Does magic actually work differently in different areas? On the one
hand, that would definitely be weird, and entertaining to watch PCs deal
with, but on the other, it would be a lot of work to come up with
multiple ways for magic to work that didn’t just randomly hose different
characters in each zone. Maybe minor differences, though? Does magic
come from living dungeons, and that’s why it’s different in different
places?

Is everything living dungeons? Is everyone a monstergirl from a living
dungeon? No, probably not. If nothing else, things like people becoming
monsters should be global, so there’s some underlying world even if
there are plenty of additions (incursions? I think Trophy Dark took that
one) piled onto it.

It sure seems like all news is bad news, so I guess that would follow.

Went to the office, only Coworker K was there, did some work, ate some chicken nuggets.

Watched (animated TV): Helluva Boss 1.1: Not sure about the number, this is the redone pilot that is more like what happens before the first episode, but 73% less gonzo and funny. I’m not at all sure this is a better introduction

Watched (live-action TV): Leverage: Redemption 1.13: The one with the hurricane and Maria.

Read (manga): This Monster Wants to Eat Me vol 4 (Sai Naekawa): Main character and her two monsters go to basketball camp, where of course there is more horror, and also the mermaid insisting she’s a monster and doesn’t like the MC at all.

Written (game design): 284.

I guess this was the wrong day to wear my pro-procrastination shirt.

Slept way in but then was able to save some time on shopping because there probably haven’t been any new books delivered since Tuesday.

Watched (anime): Bungo Stray Dogs 4.11-13: more villains who have always existed yet were written into existence days ago, finally someone willing to monologue about the villains’ plan, but then the end of the season! Although this is 13 episodes and where we should be at the midpoint, so it’s probably annoying marketing splitting season 4 into two.

Read (manga): Spy Classroom vol 2 (SeuKaname, Takemachi, Tomari): The girls still have not gotten one over on their teacher, but it’s time for the suicide mission anyway! After hearing about the great spies who failed at it before.

Read (novel): Any Minor World (Craig Schaefer): Same setting as most of Schaefer’s books, a hardboiled private eye gets mixed up with the criminal cartel that tries to control the multiverse and a dame who is already entangled with some of the less pleasant parts of it (think Gotham but with more supernatural horror). Colorful villains, desperate chases, redemption, betrayal, subway trains to hell.

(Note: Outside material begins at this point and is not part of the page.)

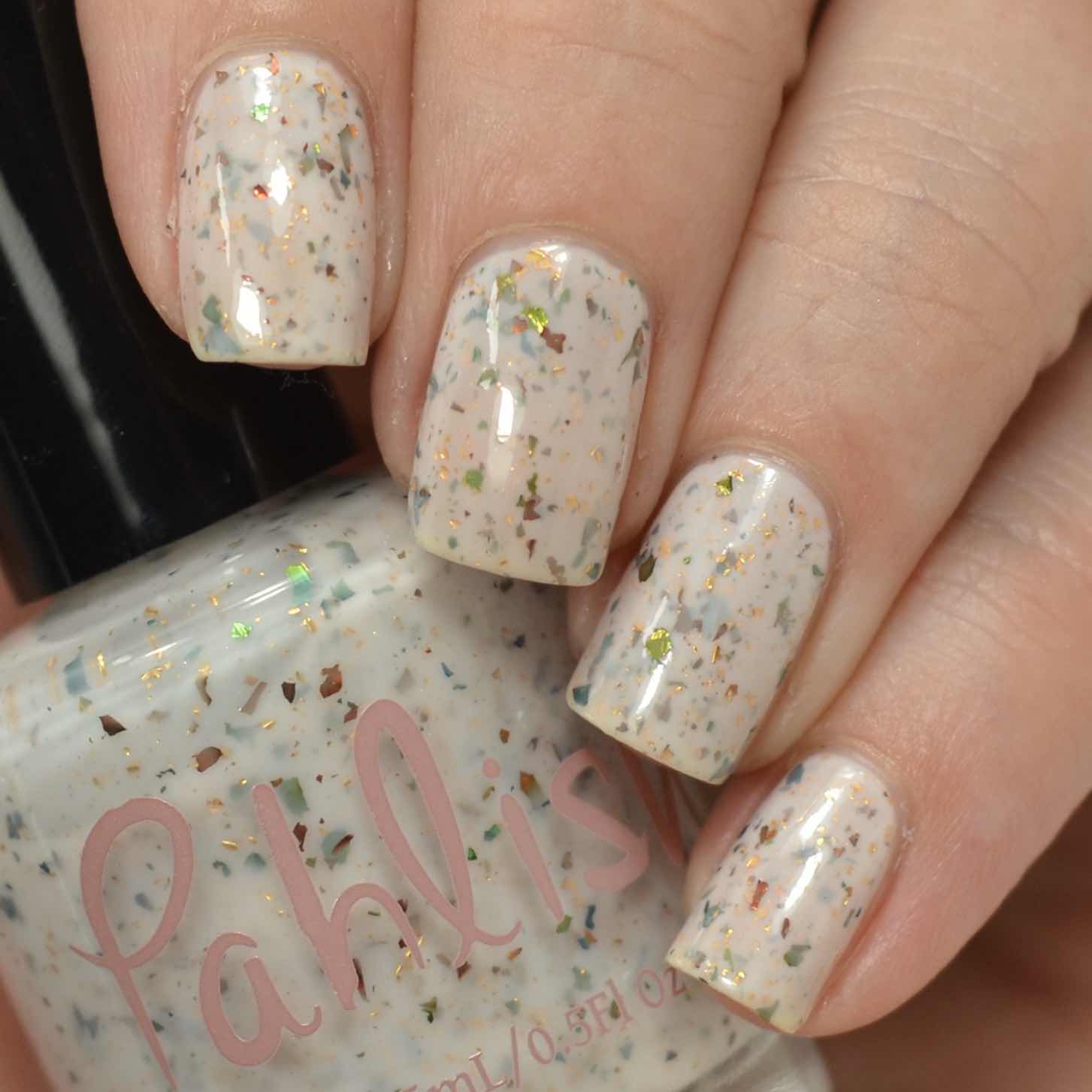 Odette is a delicate porcelain blue cream with crushed gold flakes. This polish will be free with all $50+ orders and will not be available for purchase as it is exclusive to this event. This polish applied wonderfully and evenly and is soooo beautiful! I adore all of the gold flake polishes that Pahlish creates, they’re one of my favorite finishes. My swatches show 2 coats plus a quick drying top coat.

Written (game design): 409:

My bullshit definitely includes people becoming able to use magic
after getting exposed to the supernatural or otherwise traumatized,
and this coming with some kind of curse that makes normal people
not want them around so they’re pushed to the edges of society. At
least part of the curse is susceptibility to turning into a monster,
either through one’s own wickedness or through being cursed or
whatever. (Note that meeting a vampire’s cursed eyes is definitely
exposure to the supernatural, so one is immediately vulnerable.)
Every person is equally susceptible to this; there’s no lineage
that has more or less magic than any other, although in-world that
may not be apparent. In fact, I’m pretty against any plot tokens
being passed down by blood, even if characters want to be weird
about it.

PCs can have whatever role in society they’re permitted, but
fundamentally they ain’t right and are going to end up, sooner or later,
as the ones dealing with problems that ain’t right. So what are those
problems and where do they come from? Monsters that used to be people,
obviously, and monsters that are still technically people (the wealthy
and powerful, insert Leverage intro here), and sometimes the two working
together. I mentioned interdimensional incursions as a source of
monsters before, and still like strange creatures from the higher realms
(although I’m less sure about PCs being able to do much about them,
because, higher realms). Living dungeons are also good, although they
need some kind of different spin than in 13th Age. A good source of
problems, though, possibly as good as pre-apocalyptic ruins? Also
there’s probably something about dimensions trying to invade and
corrupt each other with vacuoles (completely independent of anything their
inhabitants might want).

Living dungeons don’t have to be interdimensional. Maybe the ancient
layer of fallen heavenly palaces is rebuilding itself upward. Maybe it’s
just the regular D&D Underdark expanding upward in search of water or
plants. This might be the kind of thing that needs a list of 1d12
anticanon possibilities.

There’s a particular kind of player (I heard, from a friend) that will
want to play a monstergirl from a living dungeon. I should probably
figure out what to do about that.

This answers the question of whether to apocalypse, at least. We have
weird stuff from other places, not other times, at least mostly.

Hi Sherilyn!

Had a dream about the main character of the project I haven’t been working on. It had name-brand superheroes and wasn’t anything like the situation she’s in, but still. Maybe I should work on that. I figured out the emotional arc of the main character, but it’s getting to the point where I should be starting over to include all the stuff I’ve figured out and that would be the 3596th time I’ve started over because I don’t actually know how to write.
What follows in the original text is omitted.